• Anarcho-Bolshevik@lemmygrad.ml
          ·
          6 months ago

          German Rule in Russia, 1941–1945:

          Hitler continued, ‘if we speak of new lands, we are bound to think first of Russia and her border states’.2

          His favourite analogy in this connection was a comparison of the future German East with British India.3 To him, India provided an object lesson of colonial exploitation and Machiavellian virtuosity; he used it to buttress his conviction that the population of ‘Germany’s India’ — the Soviet Union — was likewise no more than ‘white slaves’ destined to serve the master race. Characteristic of his landlocked outlook, he proclaimed that Germany’s primary colonies were to be found not overseas but in Russia.4 Along with its manpower, the resources of the East were to assure the material well‐being of the German people.

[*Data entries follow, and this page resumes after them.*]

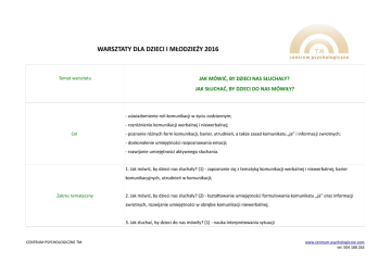 WARSZTATY DLA DZIECI I MŁODZIEŻY 2016 Temat warsztatu JAK MÓWIĆ, BY DZIECI NAS SŁUCHAŁY? JAK SŁUCHAĆ, BY DZIECI DO NAS MÓWIŁY? - uświadomienie roli komunikacji w życiu codziennym; - rozróżnienie komunikacji werbalnej i niewerbalnej; Cel - poznanie różnych form komunikacji, barier, utrudnień, a także zasad komunikatu „ja” i informacji zwrotnych; - doskonalenie umiejętności rozpoznawania emocji; - rozwijanie umiejętności aktywnego słuchania. 1. Jak mówić, by dzieci nas słuchały? (1) - zapoznanie się z tematyką komunikacji werbalnej i niewerbalnej, barier komunikacyjnych, utrudnień w komunikacji; Zakres tematyczny 2. Jak mówić, by dzieci nas słuchały? (2) - kształtowanie umiejętności formułowania komunikatu „ja” oraz informacji zwrotnych, rozwijanie umiejętności w obrębie komunikacji niewerbalnej; 3. Jak słuchać, by dzieci do nas mówiły? (1) - nauka interpretowania sytuacji CENTRUM PSYCHOLOGICZNE TM www.centrum-psychologiczne.com tel. 504 188 263 w kategoriach uczuć i motywów, rozwinięcie umiejętności rozumienia i akceptowania uczuć, poznanie zasad aktywnego słuchania; 4. Jak słuchać, by dzieci do nas mówiły? (2) - kształtowanie umiejętności formułowania komunikatów nazywających i odzwierciedlających emocje dziecka, poznanie sposobów radzenia sobie z trudnymi emocjami u dziecka. Dla kogo? Grupy wiekowe Ilość osób w grupie Ilość spotkań warsztatowych Czas trwania 1 spotkania Osoba prowadząca CENTRUM PSYCHOLOGICZNE TM Warsztat kierowany jest do rodziców - grupy stworzone będą z osób posiadających dzieci w podobnym wieku. dorośli 4 – 6 osób 4 spotkania ( 8 godzin warsztatowych) 120 min. mgr Aleksandra Miętek www.centrum-psychologiczne.com tel. 504 188 263 1. Kontakt pod nr tel. 504 188 263 do rejestracji naszego Centrum Jak dostać się na warsztat? 2. Pani Magda w rejestracji udzieli niezbędnych informacji 3. Zostanie do Państwa przesłana krótka ankieta do wypełnienia dotyczącą funkcjonowania dziecka 4. Koszt za moduł warsztatu (4 grupowe spotkania – 8 godz. z psychologiem) – 335 zł CENTRUM PSYCHOLOGICZNE TM www.centrum-psychologiczne.com tel. 504 188 263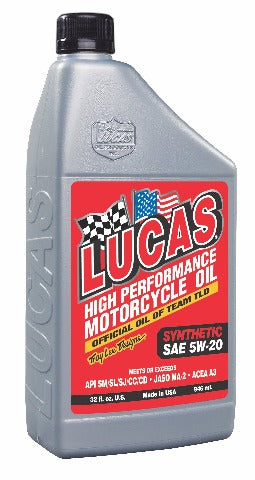 Lucas Synthetic SAE 5W-20 High Performance Motorcycle Oil is formulated with an exclusive additive package that is not found in other brands. It contains a high level of detergents and dispersants to resist sludge and varnish formation. Lucas Synthetic SAE 5W-20 High Performance Motorcycle Oil is formulated to lower engine temperature and raise oil pressure, reduce noise and increase performance. It offers maximum protection with minimum drag. The exclusive additive package in Lucas Synthetic SAE 5W-20 High Performance Motorcycle Oil allows for extended drain intervals. Lucas Synthetic SAE 5W-20 High Performance Motorcycle Oil far exceeds all OEM specifications. Formulated to meet ALL motorcycles that call for a Synthetic SAE 5W-20 motor oil. Meets or exceeds: API SM, SL, SJ, SH, SG, SF, CC, CD ? JASO MA/MA-2 ? ACEA A3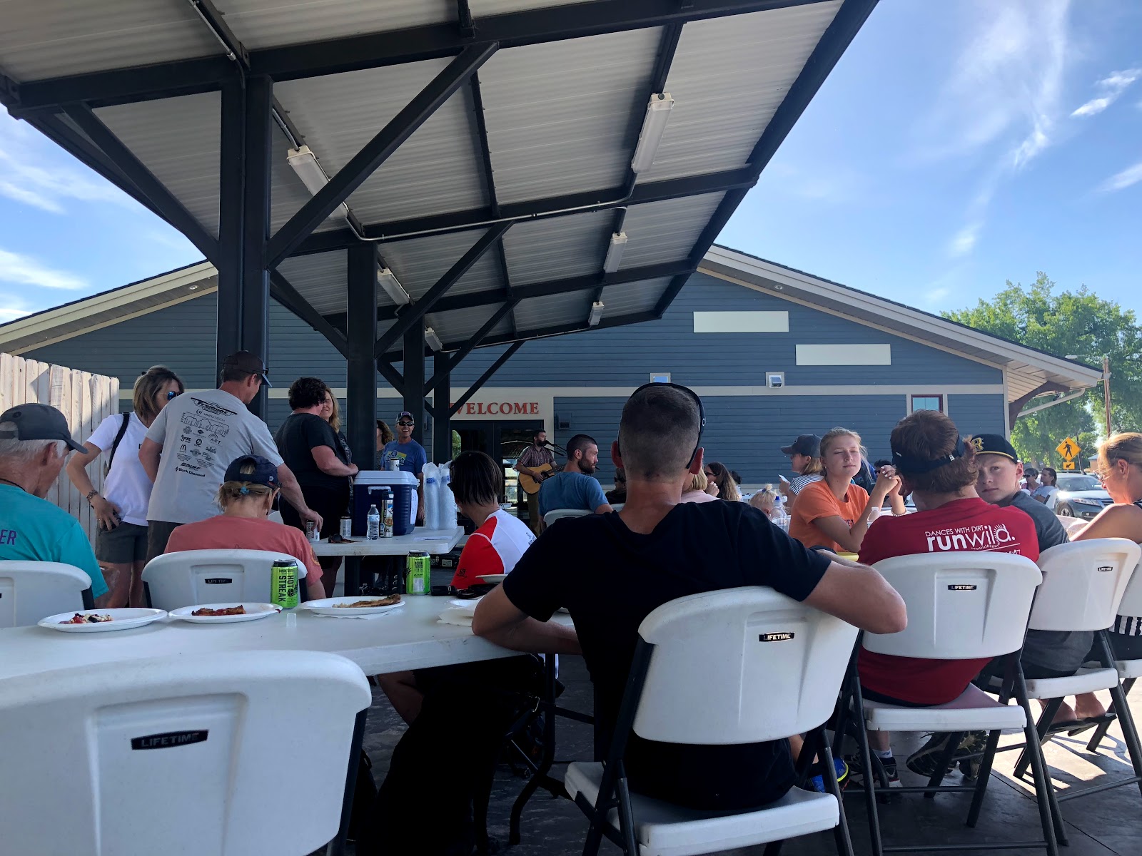 We walked around town that first day in the oppressive sun. There are plenty of stores there to get stuff to prep for the race. The race directors run a sporting goods store and shoe store on Main Street and they are really well stocked. There are two breweries in town but neither serve food instead relying on food trucks parked nearby. We had Mexican for lunch which was fine. For dinner we went to a talk by Jennifer Phar Davis in Dayton and ate Pizza from a food truck there.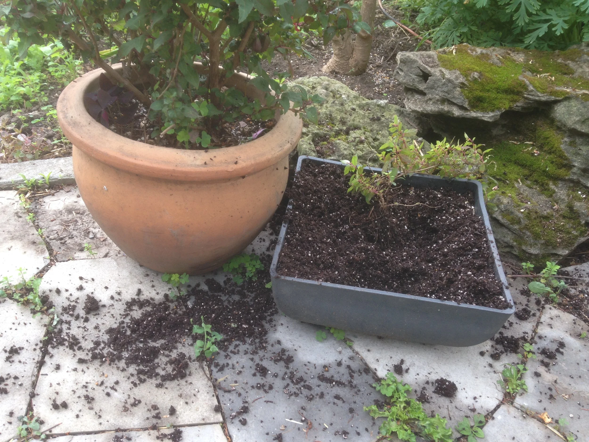 Flower Pots Repurposed. Same idea as the trays, above, except suited to a smaller area.

          Colonial crossovers: Nazi Germany and its entanglements with other empires:

          The British empire remained a crucial point of reference and the German press continued to broadly cover India and Britain’s other colonial possessions.37 Yet the ways in which the [Fascists] referred to it have to be scrutinized. While Hitler, among others, admired the size and grandeur of British overseas possessions, the common notion that the Germans took colonial lessons from the British appears flawed. References to British rule in India are few and far between in planning documents for the settlement of Africa and eastern Europe.38

          Perhaps most importantly, British colonialism was seen as a venture from the past. As Hitler explained to his inner circle in August 1941, shortly after the Wehrmacht had invaded the Soviet Union, ‘What India was for England, the territories of Russia will be for us.’39 This means that the [Axis] dictator clearly saw Germany as the rightful heir of the British empire — an empire that he wanted to surpass.

          Hitler’s Empire: How the Nazis Ruled Europe, pg. 581:

          Hitler would have much preferred to have Britain instead of Japan as his partner in Asia. As a colonial power, the British had few greater admirers than the Führer and he often emphasized the harmony of their and German interests. ‘If today the globe has an English world empire,’ he had written in 1928, ‘then for the time being there is also no Volk which, on the grounds of its overall governing qualities as well as its political clear‐headedness, would be more fitted for it . . . There is no reason why England’s enmity against Germany should last forever.’11

          His admiration had been shared by others in Germany before him. The mighty British empire had long set the bar for German imperialists, and their view of the causes of its rise to world power was basically the one articulated by many historians today.